Task: Pictures do not belong in the copy. Output exactly the lines from the one containing "wood, carved animals, figures, a" to the end of the listing below.

Data to process:
··········

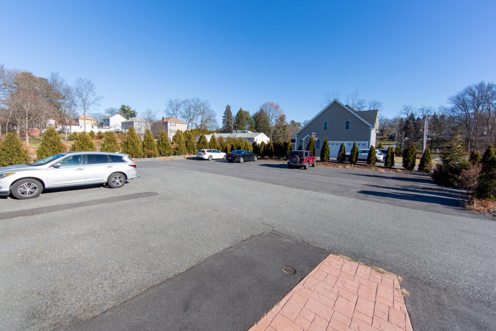 Private parking lot with plenty of parking spaces
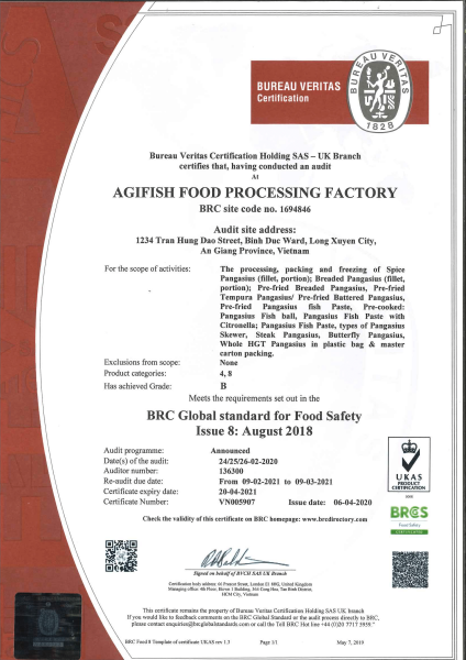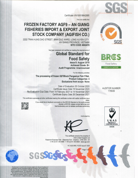 AGIFISH applies quality management systems throughout the entire production process: HACCP, Global Standard For Food Safety (BRC), ISO 17025:2005, ISO 14001:2004. The ASC standards for the raw material pangasius farming area and the companys processing plant have been certified by international organizations.
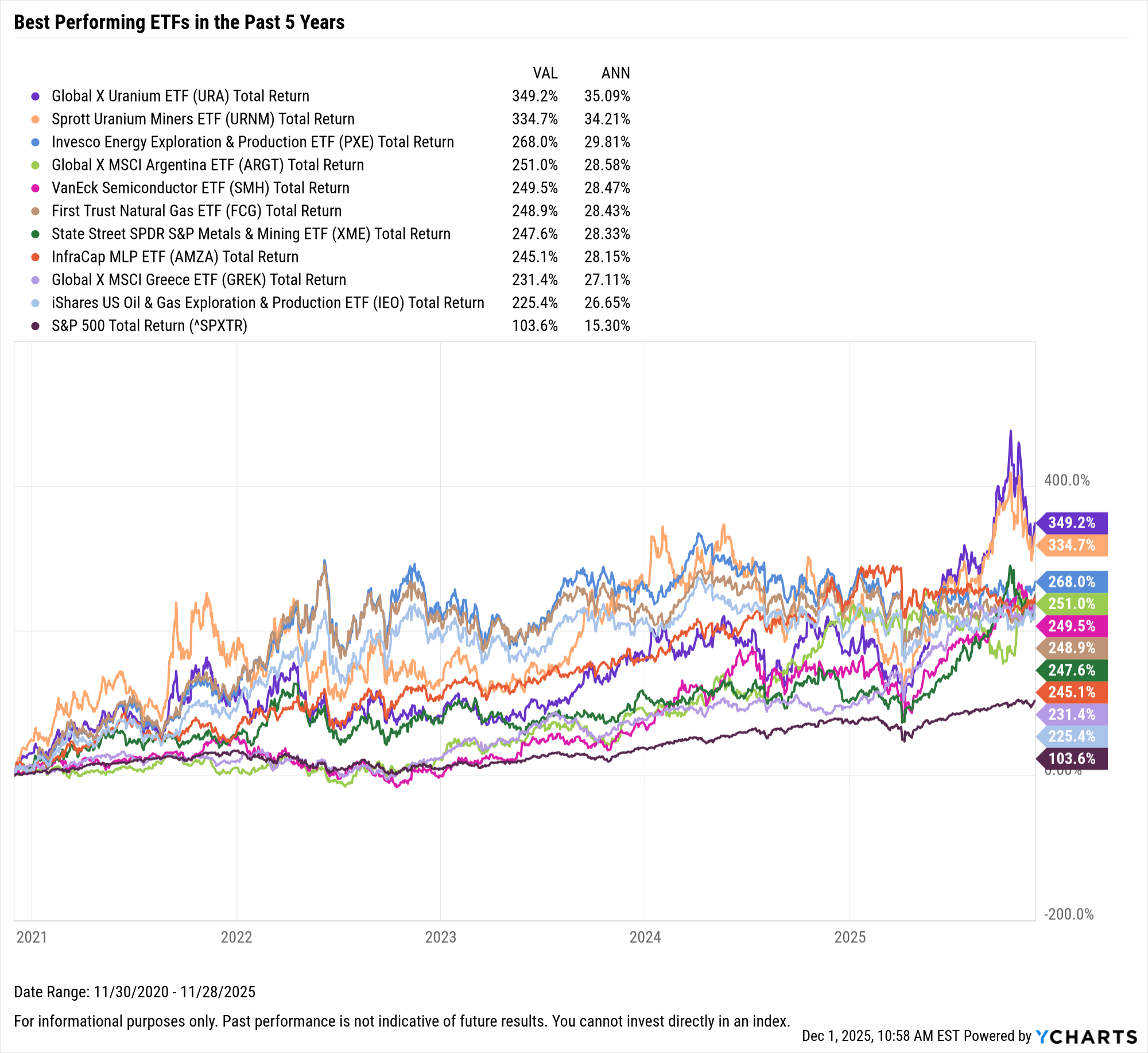 These are the top-performing ETFs on an annualized basis between December 1, 2020 and November 30, 2025.
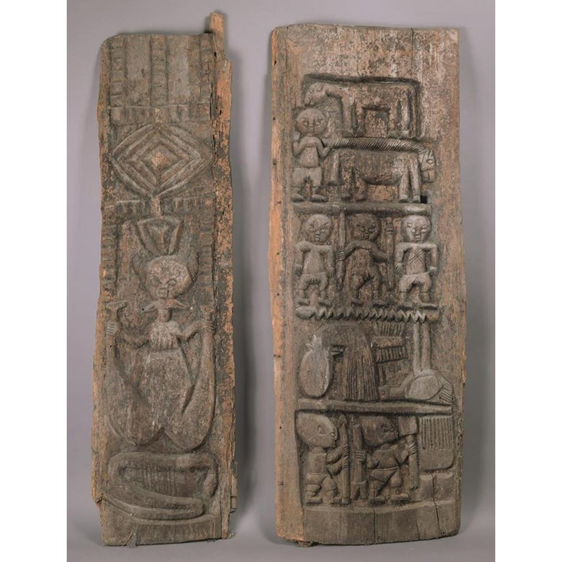 wood, carved animals, figures, a comb, a snake and the goddess Olokun,
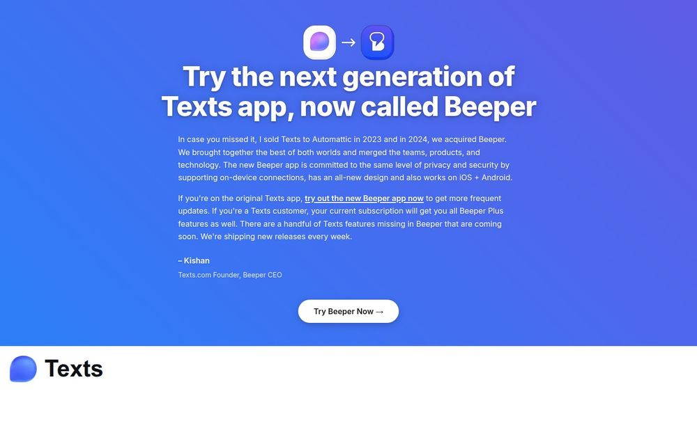 Texts 是一款面向多平台消息整合与效率提升的应用,其核心理念是把来自 iMessage、WhatsApp、Telegram、Signal、Messenger、X、Instagram、LinkedIn、Slack 和 Discord 等渠道的消息统一到单一界面中进行管理。产品强调 隐私优先,通过设备端连接直接与各消息平台交互,声称消息不会存储在 Texts 服务器上,并采用加密传输,同时以订阅制盈利而非以用户数据变现。自 2023 年将 Texts 卖给 Automattic 后,团队在 2024 年并入 Beeper,用户被建议迁移到新的 Beeper 应用以获得更多更新和功能整合。

··········

Exercise output:
 wood, carved animals, figures, a comb, a snake and the goddess Olokun,
 Texts 是一款面向多平台消息整合与效率提升的应用,其核心理念是把来自 iMessage、WhatsApp、Telegram、Signal、Messenger、X、Instagram、LinkedIn、Slack 和 Discord 等渠道的消息统一到单一界面中进行管理。产品强调 隐私优先,通过设备端连接直接与各消息平台交互,声称消息不会存储在 Texts 服务器上,并采用加密传输,同时以订阅制盈利而非以用户数据变现。自 2023 年将 Texts 卖给 Automattic 后,团队在 2024 年并入 Beeper,用户被建议迁移到新的 Beeper 应用以获得更多更新和功能整合。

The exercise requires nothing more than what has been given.